I believe that routine is a good and mostly necessary habit to develop in life. I know sometimes it's the routine that has helped me keep my sanity. I struggle with several areas of self-discipline (which I totally hate about myself) and have found that only by maintaining a strict routine can I become more disciplined in some of these areas.
There can be a time that routine can be way over-kill. For instance, I believe in semi-regular bed times for my kids, somewhere between 8:30 and 9:30 on non-church nights. For everybody's sanity. But if I was a total stickler for routine, I would not be able to cope on the nights when church ran later and the kids did not get to bed until 10:00 or 11:00. That is just one example of why I believe that routine is mostly necessary. Because life itself throws too many curve balls that are not part of our plans, strict routine followers will often end up more miserable and unable to cope with change of any kind.
That is why Hannah's "ducks-in-a-row" quirk is much more serious to me. I can laugh about it at times, but really her personality I believe borders on OCD (obsessive compulsive disorder). Dave and I noticed this about her from as far back as we can remember. It started with little things like the exact placement of her dish, spoon and cup. If anything was too close to her dish, this would at times cause extreme upset. When she was really young she would want to clean the tub instead of play in it while bathing.
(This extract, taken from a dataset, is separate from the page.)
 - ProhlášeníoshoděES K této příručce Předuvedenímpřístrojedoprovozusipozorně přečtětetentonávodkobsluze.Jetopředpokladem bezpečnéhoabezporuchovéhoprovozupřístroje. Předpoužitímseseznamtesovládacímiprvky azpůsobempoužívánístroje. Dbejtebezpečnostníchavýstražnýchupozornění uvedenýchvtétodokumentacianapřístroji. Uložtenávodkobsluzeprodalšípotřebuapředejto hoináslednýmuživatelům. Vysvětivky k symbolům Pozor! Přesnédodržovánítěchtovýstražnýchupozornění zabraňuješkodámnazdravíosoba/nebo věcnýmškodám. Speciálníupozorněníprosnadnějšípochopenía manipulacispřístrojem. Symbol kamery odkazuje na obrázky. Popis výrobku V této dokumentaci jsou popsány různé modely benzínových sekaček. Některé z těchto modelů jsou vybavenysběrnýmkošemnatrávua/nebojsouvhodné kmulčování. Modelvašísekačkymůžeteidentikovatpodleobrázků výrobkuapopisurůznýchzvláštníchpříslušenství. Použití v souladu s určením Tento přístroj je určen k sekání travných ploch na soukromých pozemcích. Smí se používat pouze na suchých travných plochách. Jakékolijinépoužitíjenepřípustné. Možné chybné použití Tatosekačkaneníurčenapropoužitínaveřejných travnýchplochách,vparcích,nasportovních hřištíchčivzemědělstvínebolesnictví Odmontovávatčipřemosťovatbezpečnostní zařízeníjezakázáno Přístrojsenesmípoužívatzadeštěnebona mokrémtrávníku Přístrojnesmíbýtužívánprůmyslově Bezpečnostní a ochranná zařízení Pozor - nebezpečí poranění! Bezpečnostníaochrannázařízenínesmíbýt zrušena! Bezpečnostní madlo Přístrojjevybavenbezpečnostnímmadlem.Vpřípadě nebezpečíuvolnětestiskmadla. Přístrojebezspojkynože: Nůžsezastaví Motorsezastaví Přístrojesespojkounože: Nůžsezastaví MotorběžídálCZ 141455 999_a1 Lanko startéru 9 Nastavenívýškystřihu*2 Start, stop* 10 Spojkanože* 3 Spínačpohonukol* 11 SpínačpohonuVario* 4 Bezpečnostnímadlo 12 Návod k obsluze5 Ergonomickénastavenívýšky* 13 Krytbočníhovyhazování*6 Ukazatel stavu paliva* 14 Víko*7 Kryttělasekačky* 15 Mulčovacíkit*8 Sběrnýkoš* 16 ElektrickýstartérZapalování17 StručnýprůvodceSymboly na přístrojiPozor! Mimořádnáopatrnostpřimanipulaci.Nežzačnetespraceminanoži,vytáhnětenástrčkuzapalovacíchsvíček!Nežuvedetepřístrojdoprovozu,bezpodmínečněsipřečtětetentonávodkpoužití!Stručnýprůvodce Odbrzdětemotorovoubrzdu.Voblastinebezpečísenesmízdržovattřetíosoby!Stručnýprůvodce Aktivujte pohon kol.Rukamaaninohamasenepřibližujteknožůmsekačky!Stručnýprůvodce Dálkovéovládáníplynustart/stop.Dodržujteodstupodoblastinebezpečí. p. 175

She would constantly want to straighten out things that were "crooked". These are just a few examples.
Now I realize that any one of these things is okay and normal. We all have something we absolutely have to have a certain way. But for her there were and are several of these things. Even if she got over one issue, it presented itself in another way. She is not so concerned about the position of her plate anymore, but she is still obsessed with germs and cleanliness, to the point where I have to stop her from washing her hands because her hands actually bleed from over-washing. I know that this is one of the strongest indicators of true OCD.
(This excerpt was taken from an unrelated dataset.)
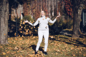 Cute uśmiechnięta kobieta w średnim wieku z długimi falowanymi jasnymi włosami w szarym swetrze roll-neck zwymiotować stos żółtych liści klonu.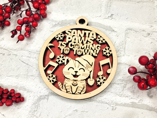 Santa Paws is Coming to Town Cat Ornament - Laser Cut Christmas Tree Decor

I remember someone commenting to me when she was really little to just leave her alone, after all, why wouldn't you want your daughter to have "clean" habits? And not be lazy? True, of course, but to a point. I do want my daughter to keep a neat house. But living with her day after day and seeing the extremes of her personality, Dave and I believe that as much as possible, we have to upset her routine. Whenever she was irritated with her bowl and spoon being out of position, we would start them in a different position the next day. Or we would set something (like a used napkin, which she hated) close to her plate. Whenever she had a compulsion to clean something excessively, we would mess it up. We realized that we had to consistently upset her little apple cart and kept doing it until she adjusted to whatever it was that upset her. If that doesn't sit well with some people, that's okay. We believe, however, that in preparing her for life, she will be miserable, AND she'll make those closest to her miserable if she can't cope with her little world being tipped upside down EVERY ONCE IN A WHILE.
I do believe she is improving. And that is the reason that I believe Dave and I have handled this situation correctly. Her worst problem now is the excessive hand washing which we're still working on, but almost every other thing she can be talked-through and reasoned with. She is learning that she can be uncomfortable with imperfection. And with God's help she will become more balanced in general in this area.
The nice thing about her personality is that she is wonderful help to me. And I do encourage that.
As with everything in life, it's all about balance.